Она улыбается мне, но это та улыбка, в которой больше мягкого снисхождения, чем общего энтузиазма. София, возможно, посетит Америку в будущем, но не для того, чтобы повидаться со мной. Теперь этот остров — мой дом. Мне больше не позволят покинуть Данте, если только этого не потребует его бизнес. Даже тогда за нами будут охотиться восемь тысяч телохранителей и целый отдел агентов ФБР.

ФБР…

Неохотно мои мысли переключаются на детектива Питерса. Интересно, он сходит с ума, пытаясь найти меня? Его ресурсы перегружены? Держу пари, он чувствует эти средства оправданными… Он знал, что Данте был там в ту ночь. Он поймет, что мы ушли вместе. Похитив меня таким образом, Данте пошел дальше и доказал правильность всех теорий детектива.

Так вот почему они с Джозепом обсуждали его в самолете? Уже выдан ордер на мой арест?

Моя прежняя жизнь — это песчаная скульптура, которая медленно разрушается приливами и отливами мужчины, которого я люблю. Моя карьера закончилась, погасла еще до того, как у меня появился шанс раздуть пламя моего успеха. Такие друзья, как Анна, еще какое-то время будут питать надежду и, в конце концов, пойдут дальше. У меня нет никого, кроме Данте, и именно так он все и спланировал. Он изолировал меня от всех и всего, что я люблю. Он сделал меня настолько зависимой от него, что моя собственная жизнь, мои собственные надежды и мечты становятся несущественными.
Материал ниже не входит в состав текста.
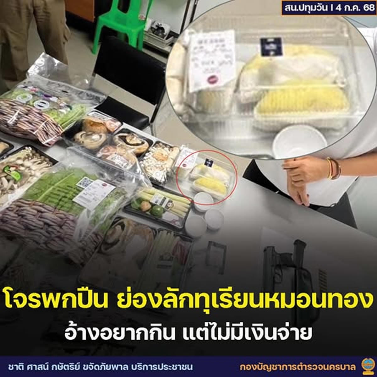2025年7月3日(木)、バンコク中心部の百貨店で万引きをした男が逮捕され、所持品から拳銃と実弾11発が見つかりました。男はその場から逃走を試みましたが、警察官により即座に取り押さえられました。

У меня нет никого. Кроме Данте.

Святое дерьмо.

— Остановитесь, сеньорита, — кричит София, увидев мое лицо. — Нет необходимости идти так быстро. Солнце светит ярко. Уже почти полдень.

Я резко останавливаюсь. Моя голова кружится, как колесо обозрения.

— Вот, выпейте немного воды, — она протягивает мне бутылку, и я делаю глоток. Мы, должно быть, уже близко к пляжу. Шум волн здесь намного громче.

Я делаю еще глоток и проглатываю свою панику. Как-нибудь я найду свой путь сквозь хаос этого дивного нового мира.

— Здесь не так много охранников, — внезапно замечаю я, оглядываясь на дом.

— Большая их часть на другой стороне острова, рядом с тренировочными лагерями и армейской базой. Так приказал сеньор Данте, — София бросает на меня еще один встревоженный взгляд. — Он хотел, чтобы вы думали об этом месте больше как о своем доме, чем о комплексе.

— В этом никогда не было никаких сомнений, не так ли? Он всегда знал, что привезет меня сюда, — я выпрямляюсь и прикрываю глаза от резкого солнечного света ладонью. Жаль, что я не купила солнцезащитные очки.

— Вы, кажется, удивлены, сеньорита? — на милом круглом личике Софии появляется замешательство. Ее непоколебимая убежденность в том, что нам с Данте суждено быть вместе, трогает что-то внутри. — Мы почти на месте, — кричит она, идя вперед к следующему повороту.

Когда я догоняю ее, моя задумчивость мгновенно рассеивается.

— О, вау, — выдыхаю я, любуясь красотой маленького пляжа. Чистый белый песок, слабый прибой, окруженный раскачивающимися пальмами… Это частный кусочек рая.

— Пойдем, — говорит она, с вызовом улыбаясь мне и скидывая свои коричневые босоножки. — Давайте наперегонки до воды!

Невольно засмеявшись, я сбрасываю свои сандалии, чтобы присоединиться к ней, наслаждаясь ощущением мягкого песка, просачивающегося между пальцами ног, и болью в икроножных мышцах, когда морской бриз смахивает слезы с моих глаз. Мои волосы струятся за моей спиной, как простыня из темного шелка.

Мы вместе достигаем воды, задыхаясь, наши легкие горят от усилий. Я так сильно скучала по этому. Мне нравится, как я себя чувствую во время физических упражнений. Раньше я бегала трусцой каждое утро, но уже давно этого не делала, с тех пор, как встретила Данте. Приятно снова быть в гармонии со своим телом, чувствовать, как кровь течет по моим венам. Испытать настоящую радость от того, что ты живешь на этой планете после того, как стала свидетелем стольких смертей.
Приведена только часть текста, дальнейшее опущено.